J. Sim, Y. Na, Dong Whan Lee
May 6, 2020
PURPOSE Valgus injury of high energy of the lateral bumper impact can lead blows to the inside of the knee that push the knee outwards or indirect injury where a varus force is applied to the contralateral knee, which injury pattern named as "Windswept injury mechanism" in this study. The objective of this study was to establish injury pattern in the contralateral side knee on the basis of this pattern recognition to enhance a diagnosis of interrelated osseous and soft-tissue injuries. METHODS Sixteen patients by "Windswept injury mechanism" were identified, who visited a level 1 trauma center between Jan 2007 and Dec 2016. We first evaluated the osseous and soft tissue injuries at primary impacted site by valgus force after checking MRI. Thereby, assessed the contralateral knee which structures were injured. To find any correlation between both knees in ligament injuries, patients were divided into two groups according to coincided anterior cruciate ligament (ACL) rupture. RESULTS By the "Windswept injury mechanism", MCL total rupture was observed in all primary knees, and the major ligament injuries also were coincided on the contralateral knee.
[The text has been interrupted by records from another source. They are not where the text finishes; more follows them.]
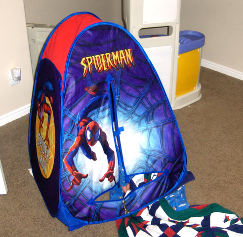 I opened up the flaps of his little Spiderman tent and, viola! There was Samuel, sound asleep on the floor with his head under the tent and his legs sticking out the bottom.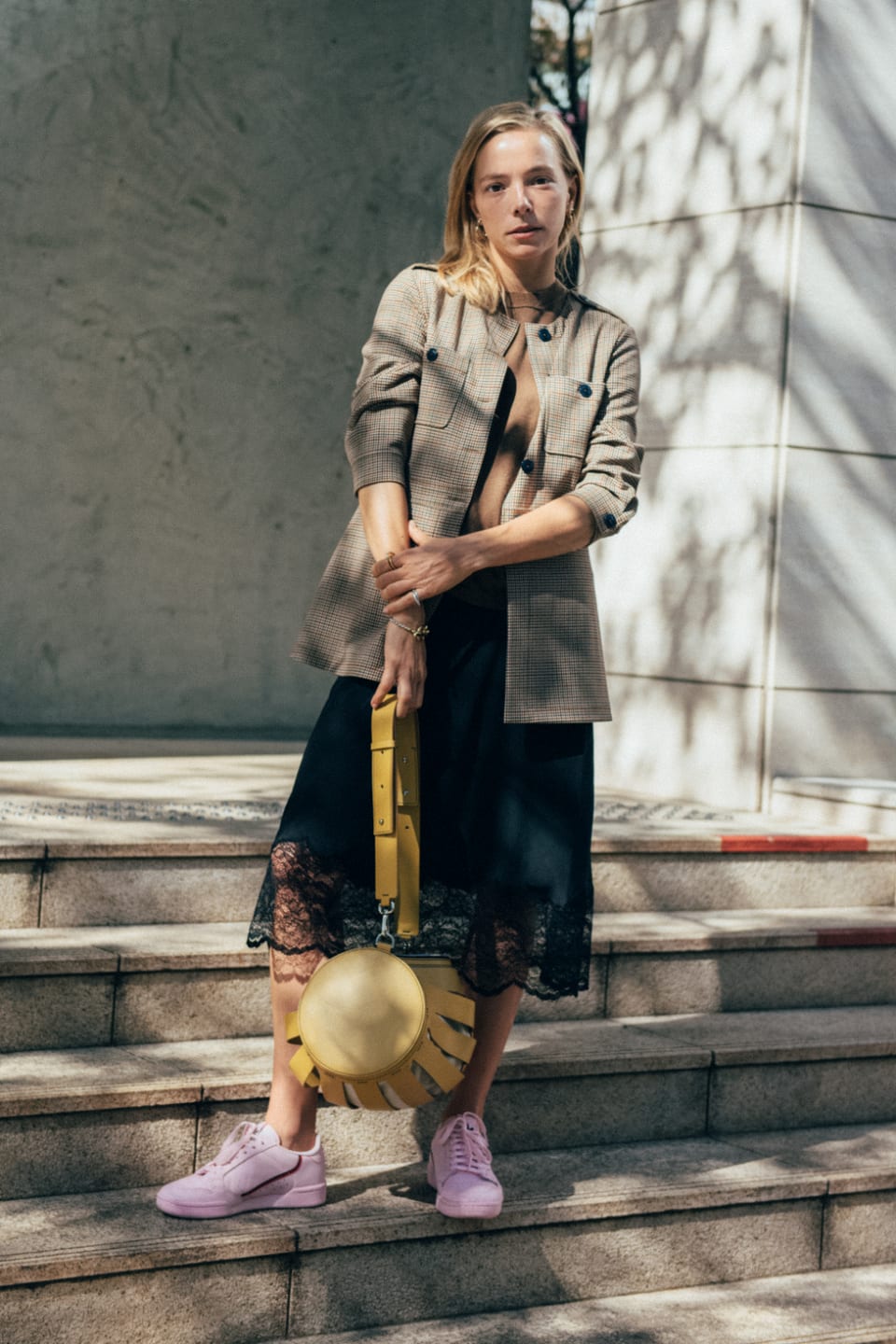この日、シャルロットが着用していたジャケットは〈A.P.C(アー・ペー・セー)〉、ニットは〈Alexandra Golovanoff(アレクサンドラ・ゴロヴァノフ)〉、スカートとバッグは〈Paco Rabanne(パコラバンヌ)〉、スニーカーは〈Adidas Oliginals(アディダスオリジナルズ)〉、アクセサリーは全て〈シャルロット シェネ〉。※全て私物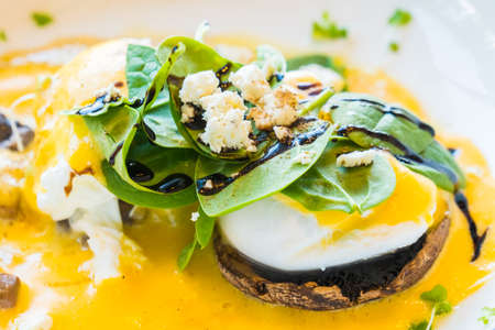 Mushroom and egg benedict in white plate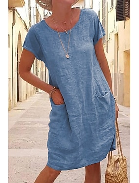 Dámské Midi šaty Imitace bavlny a lnu Bavlněné lněné šaty Úpletové šaty Módní Moderní Denní Dovolená Jdeme ven Volný Bez vzoru Poloviční rukáv Tričkový Vodní modrá Bílá Světle modrá Léto Jaro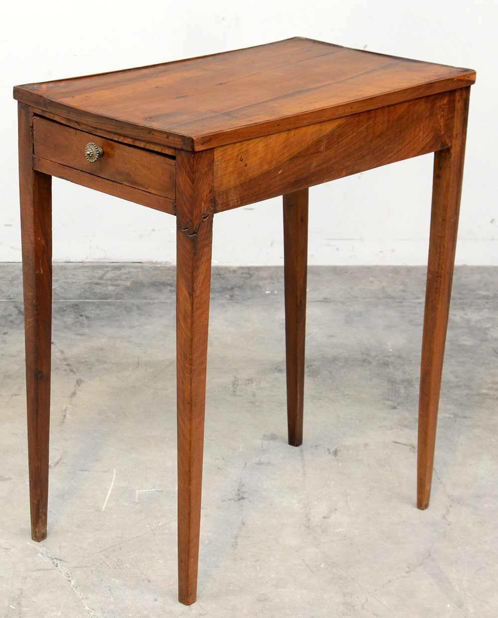 Tavolino rettangolare in noce ad un cassetto nella fascia. Gambe rastremate sec XIX (difetti) (cm 58x70x37)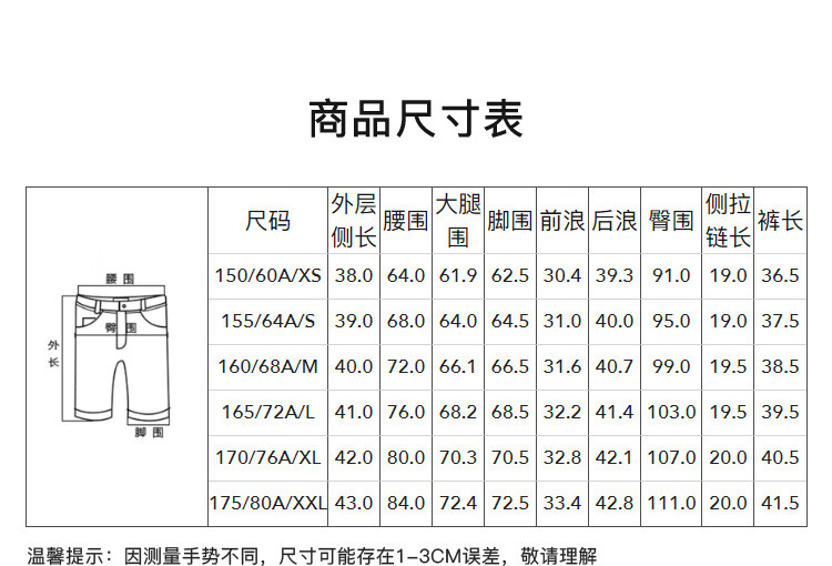 Outseam (cm) 99 cm 101.5 cm 104 cm 106.5 cm 109 cm

In primary knee, either ACL or PCL was ruptured in all cases. 9 patients (56%) had combined ACL rupture with MCL injury, 12 patients (75%) of combined PCL injury, and 5 patients (31%) had combined injury of both ACL and PCL. In contralateral knee, lateral collateral ligament injury was observed in 69%. 7 patients (44%) was combined with ACL injury, 7 patients (44%) with combined PCL injury, 4 patients (25%) with combined both ACL and PCL injury. In comparison of two groups, significantly higher risk of ACL injury in the contralateral knee was identified when coincided ACL and MCL injury in primary knee (p = 0.003). CONCLUSION The specific mechanism-based injury pattern of "Windswept injury mechanism" was the first to identify the mechanism that showed concomitant major ligament injuries in the contralateral knee and to develop validated the higher risk of ACL injury in the contralateral knee when combined ACL and MCL injuries in primary knee, which improving diagnosis of potentially subtle and easily missed knee injuries.